Another Living Legend

Otis Rush hails from Philadelphia, the southern version of the city of "brotherly love" down in Mississippi. 14 years after he was born on the 29th of April in 1934 he, too, like so many others from the Delta, made his way to where fame and fortune lay: Chicago.

By the middle of the 1950's he put together his own band starring him as "Little Otis." There, on the West Side, he recorded in the same storefront studios that Willie Dixon used, Cobra; and which a little later on would see Magic Sam and finally, Buddy Guy.

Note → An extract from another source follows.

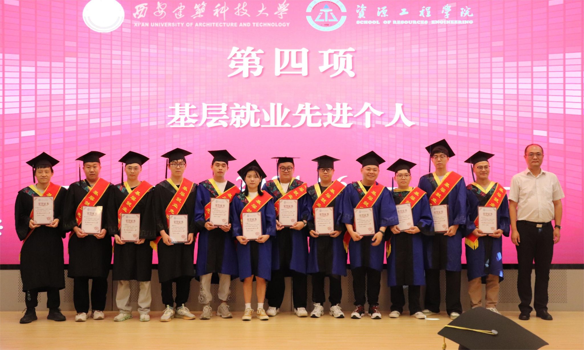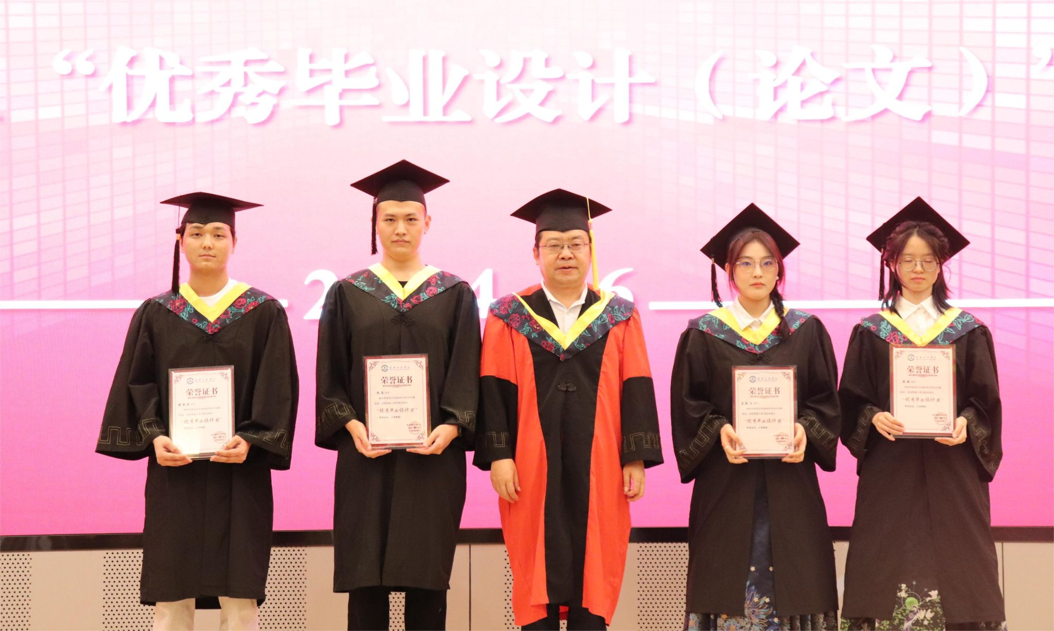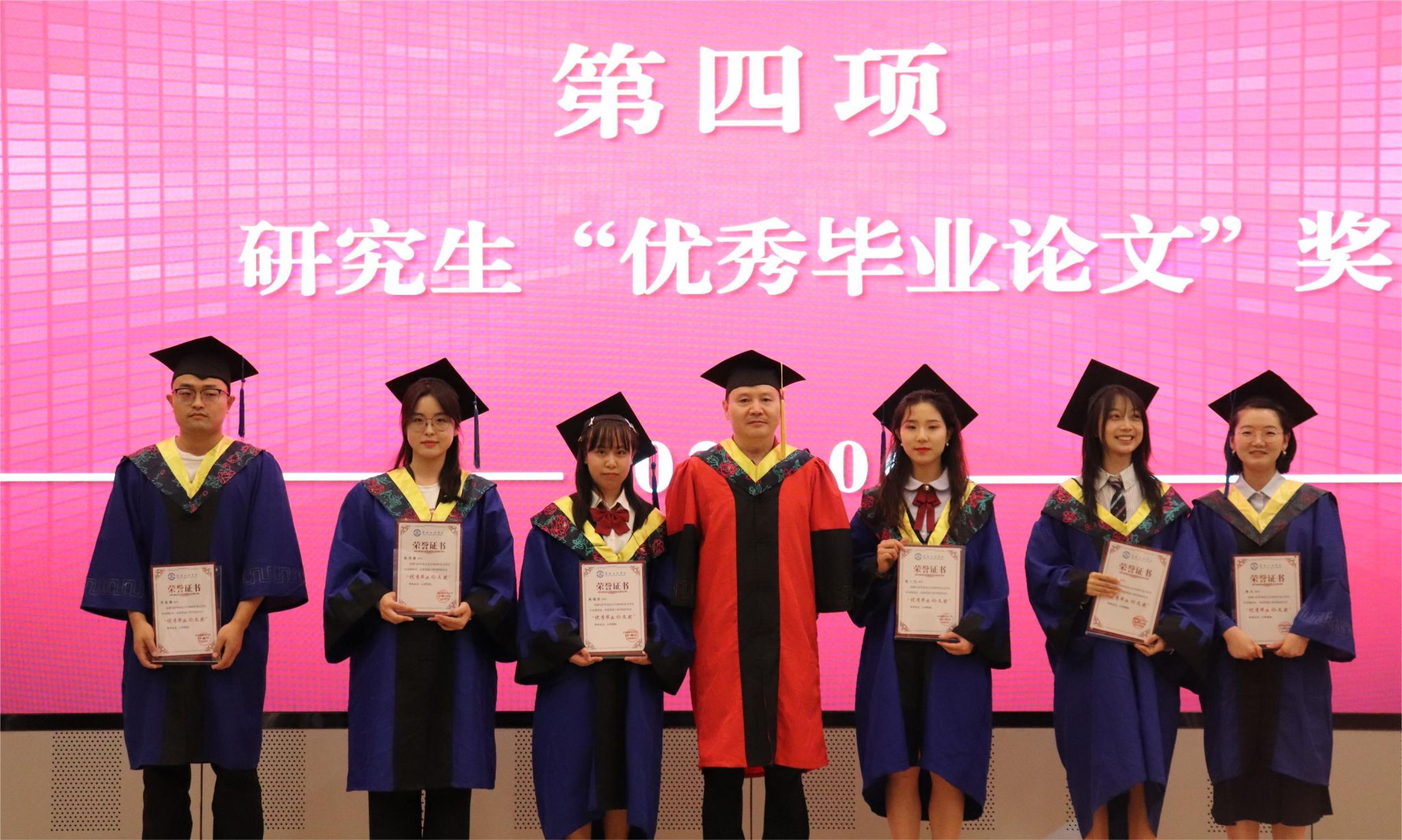 学院领导班子成员为获得“学风建设领航”奖、研究生“优秀毕业论文”奖、本科生“优秀毕业设计(论文)”奖以及“基层就业先进个人”的毕业生们颁奖,对毕业先进集体和个人表示祝贺。
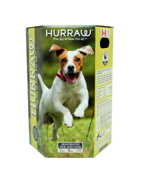 Hurraw makes the benefits of a raw diet accessible to all! Their dehydrated raw dog food is made with 100% human grade ingredients. They use local, farm fresh ingredients from neighborhood sources in Quebec, Canada. Hurraw is dehydrated using an innovative low temperature process which preserves all of the original nutrients. This yields a highly nutritious food that requires a significantly smaller suggested daily feeding than extruded kibble. The result is the best possible nutrition at about the same cost per day as kibble! Hurraw requires no refrigeration, special storage or handling.

Willie Dixon would back him on bass guitar, and he exhibited his particular interpretation on Dixon's "I Can't Quit You Baby." They developed what was known as the "West Side" sound distinguished from the Delta influenced Chess sound by its unique emotional frenzied lyrics, and high piercing tremolo-laden guitar tonality. Otis' distinctive style was helped by his upside down left hand playing method (a la Jimi Hendrix).

By the time in 1958 he joined Buddy Guy's sessions at Cobra, he was already a name, himself. In this same year he released his pieces, "All Your Love" and "Double Trouble." But in 1960, he too moved on to the desired label, Chess where he continued to further his reputation with songs like: "So Many Roads, So Many Trains" and again at Duke Records with, "Homework."

He did a comeback and first album with the late Mike Bloomfield in 1969, called Mourning in the Morning, which also included guitar work by Duane Allman.

He pretty much languished for the next twenty years, But was reborn in the 80's culminating in a British This Way Up's Album release in 1994, Ain't Enough Comin' and that title says it all for this continuing performer.